Only the lines below from the one that holds "Structurally solid, distressing" through the one that holds "In lovely sunset" should appear in the answer, copied exactly, end lines included and pictures omitted.

● **INPUT MATERIAL**
########################################

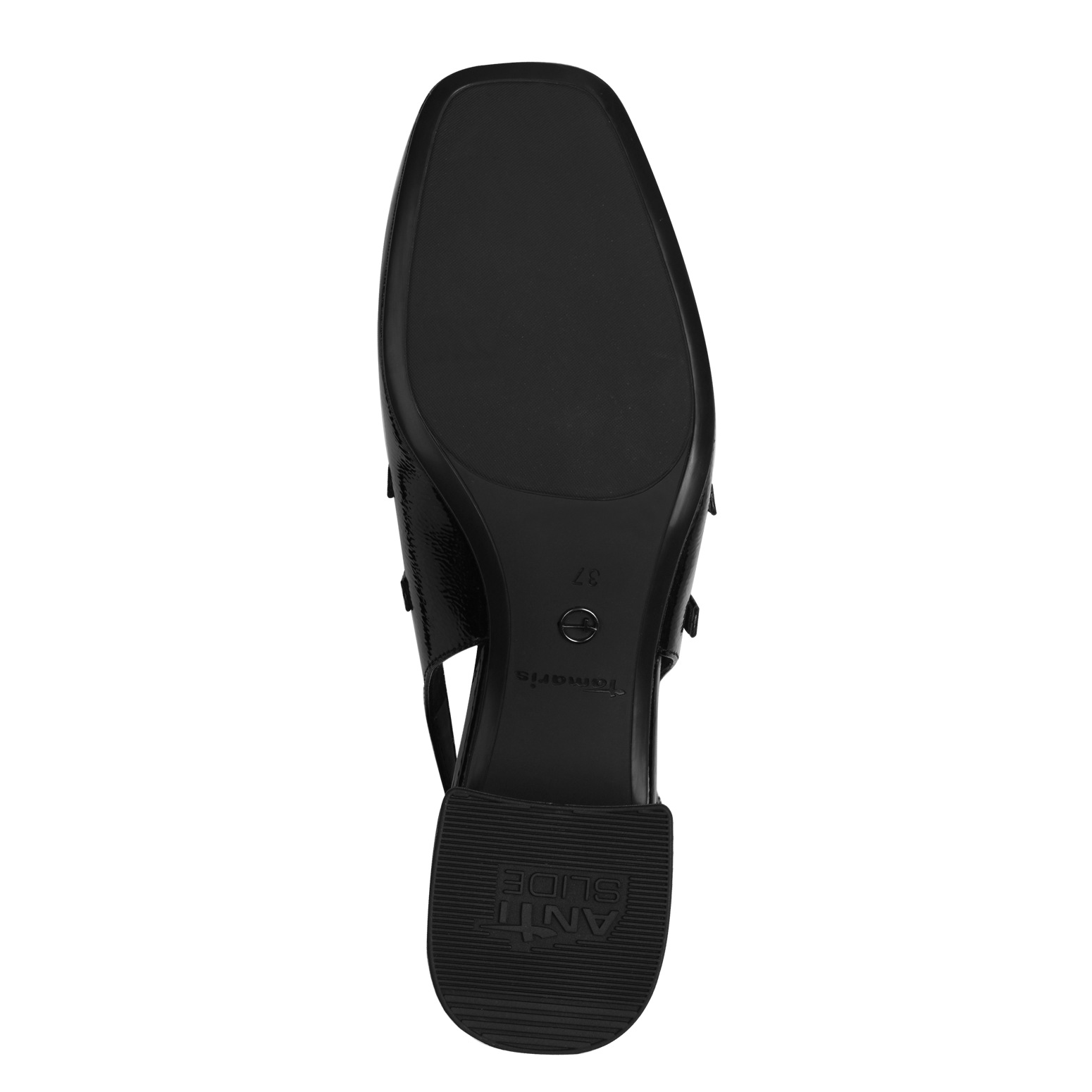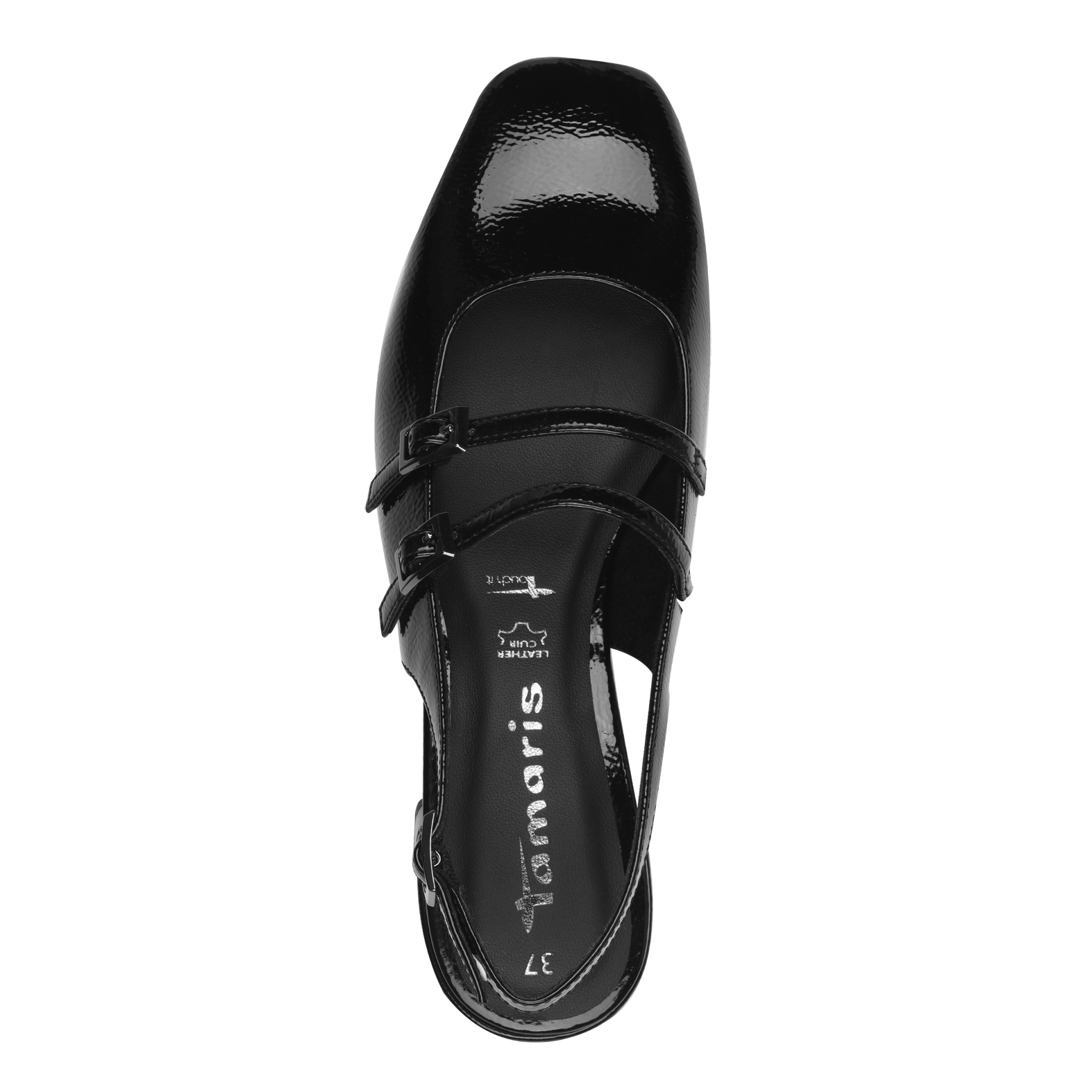 Дамски обувки от немската марка Tamaris. Външната част е изработена от висококачествена еко-кожа. Вътрешната част е изработена от комбинация на естествена и еко-кожа. Височината на ходилото в задната част е 4 см. Практичното затваряне ви позволява да го регулирате индивидуално, докато G-ширината осигурява достатъчно пространство.
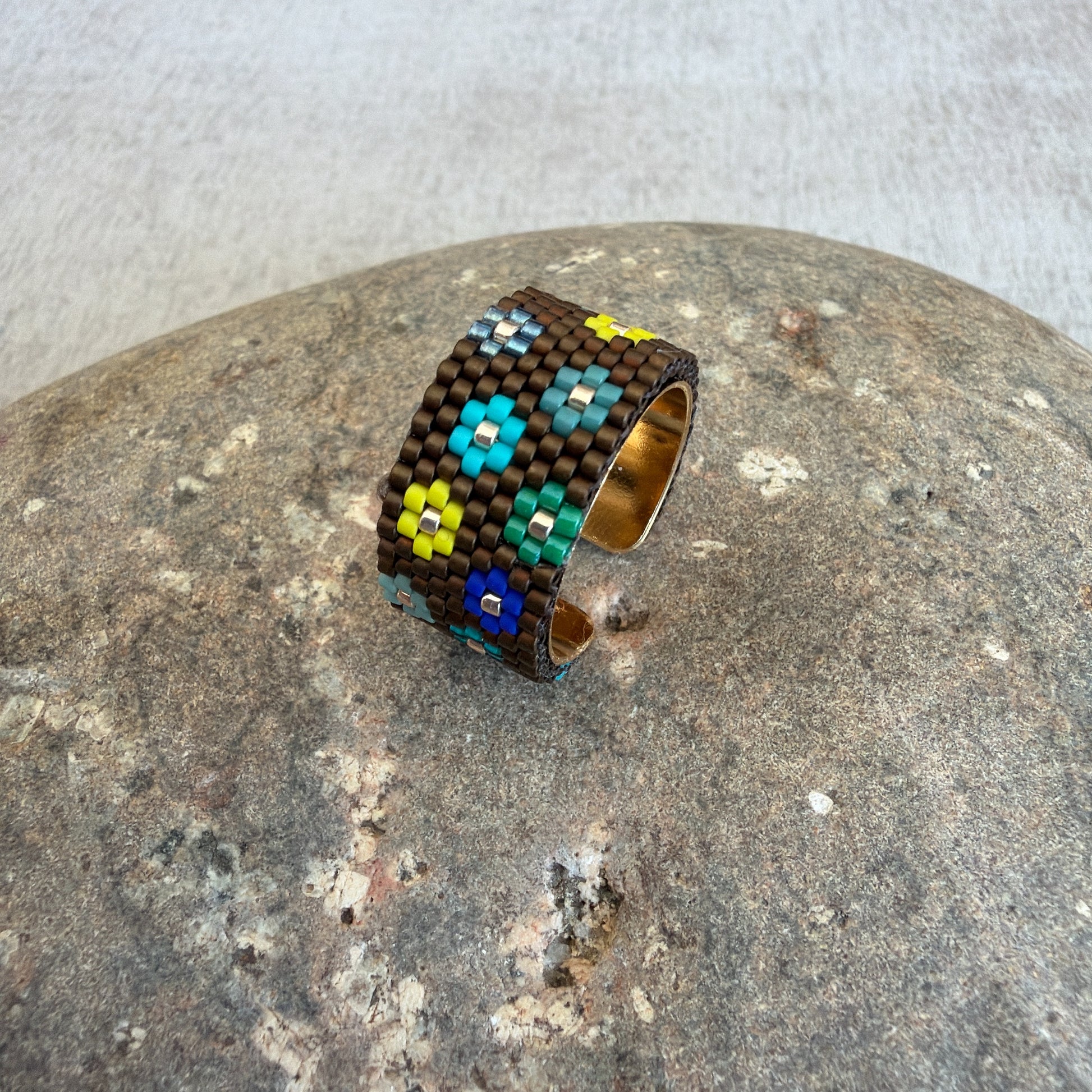 Este anillo está lleno de pequeños secretos. Sobre un fondo de marrón profundo, emergen flores mínimas en azul, verde y turquesa, como si brotaran desde la tierra tibia después de una lluvia. Cada mostacilla parece contar una historia —una pausa, una chispa de color, una memoria.
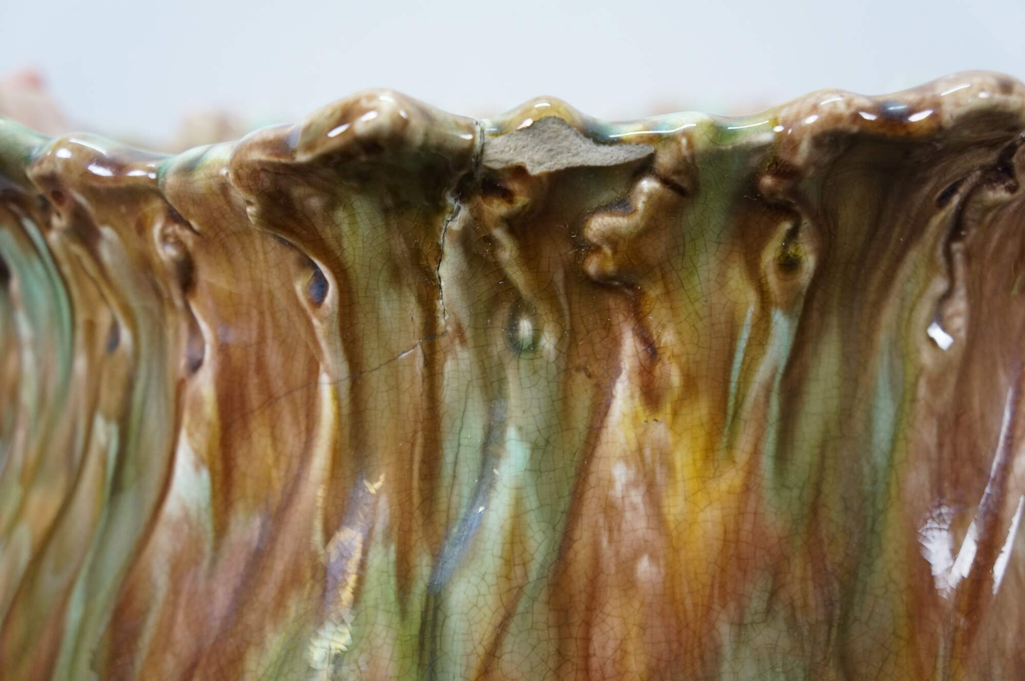 Structurally solid, distressing from age and use, crazing / fading, edge wear / chipping / cracks / hairlines to planter
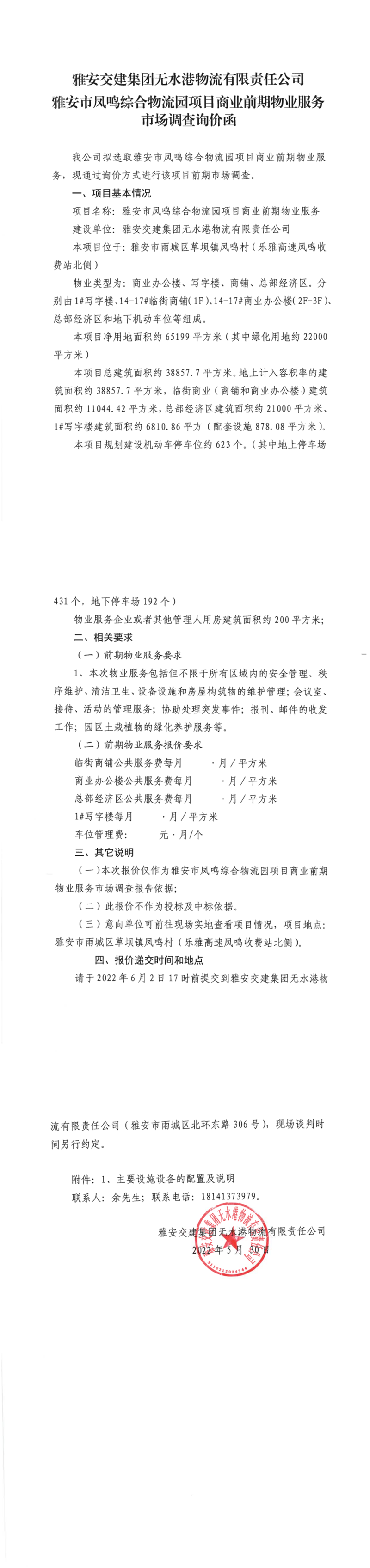 币游集团无水港物流有限责任公司雅安市凤鸣综合物流园项目商业前期物业服务市场调查询价函
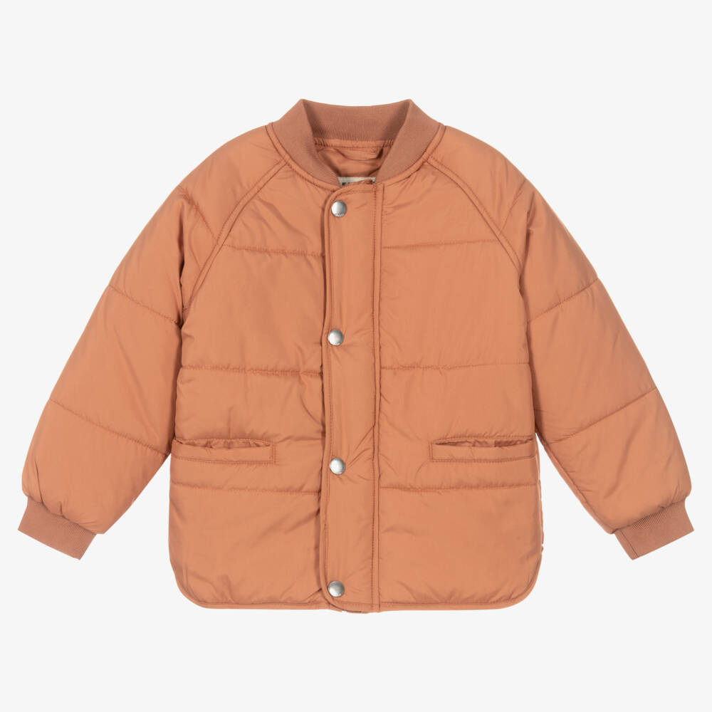 In lovely sunset pink, a lightly padded jacket for girls by Danish brand Liewood. This practical, everyday jacket is wind resistant with a BIONIC-FINISH® ECO water-repellent finish and secures with a zip under a popper fastening flap. Made from smooth recycled polyester, it has ribbed trims, handy front pockets, a name tag on the inside and an ivory logo patch on the back.
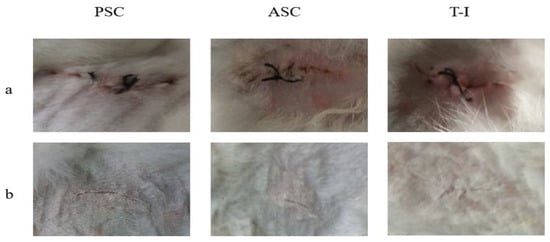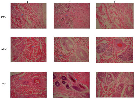 A histological analysis of the implantation experiment was performed using HE staining. From the histological evaluation (Figure 6), the collagens were completely degraded over 8 weeks without any foreign body reaction, which indicates acceptable biocompatibility and biodegradability. The degradation performed well, making it suitable for tissue engineering. The histopathological evaluation of the T-I group at 1 week and 4 weeks showed hemorrhages and inflammatory cell infiltrations (blue arrow). The tissue sections of the PSC and ASC groups showed a significant reduction in inflammatory cells in comparison to the T-I group at 8 weeks. Rejuvenation of skin appendages was evident at 8 weeks in all groups. The inflammatory reaction was significantly lower in the animals of all groups at 8 weeks in comparison to the groups at 1 week and 4 weeks. It seems that PSC and ASC showed better results when compared to the T-I group. All the treatments with collagen regimens significantly enhanced the fibrocytes (as the mature mesenchymal cells). Overall, the healing condition of the group treated with tilapia collagen was more similar to that of natural skin, and it had the best cosmetic appearance, with a normal thickness of the epidermal layer and rejuvenation of the hair follicles and skin appendages.

########################################

● **ANSWER FOR THIS EXERCISE**
 Structurally solid, distressing from age and use, crazing / fading, edge wear / chipping / cracks / hairlines to planter
 币游集团无水港物流有限责任公司雅安市凤鸣综合物流园项目商业前期物业服务市场调查询价函
 In lovely sunset pink, a lightly padded jacket for girls by Danish brand Liewood. This practical, everyday jacket is wind resistant with a BIONIC-FINISH® ECO water-repellent finish and secures with a zip under a popper fastening flap. Made from smooth recycled polyester, it has ribbed trims, handy front pockets, a name tag on the inside and an ivory logo patch on the back.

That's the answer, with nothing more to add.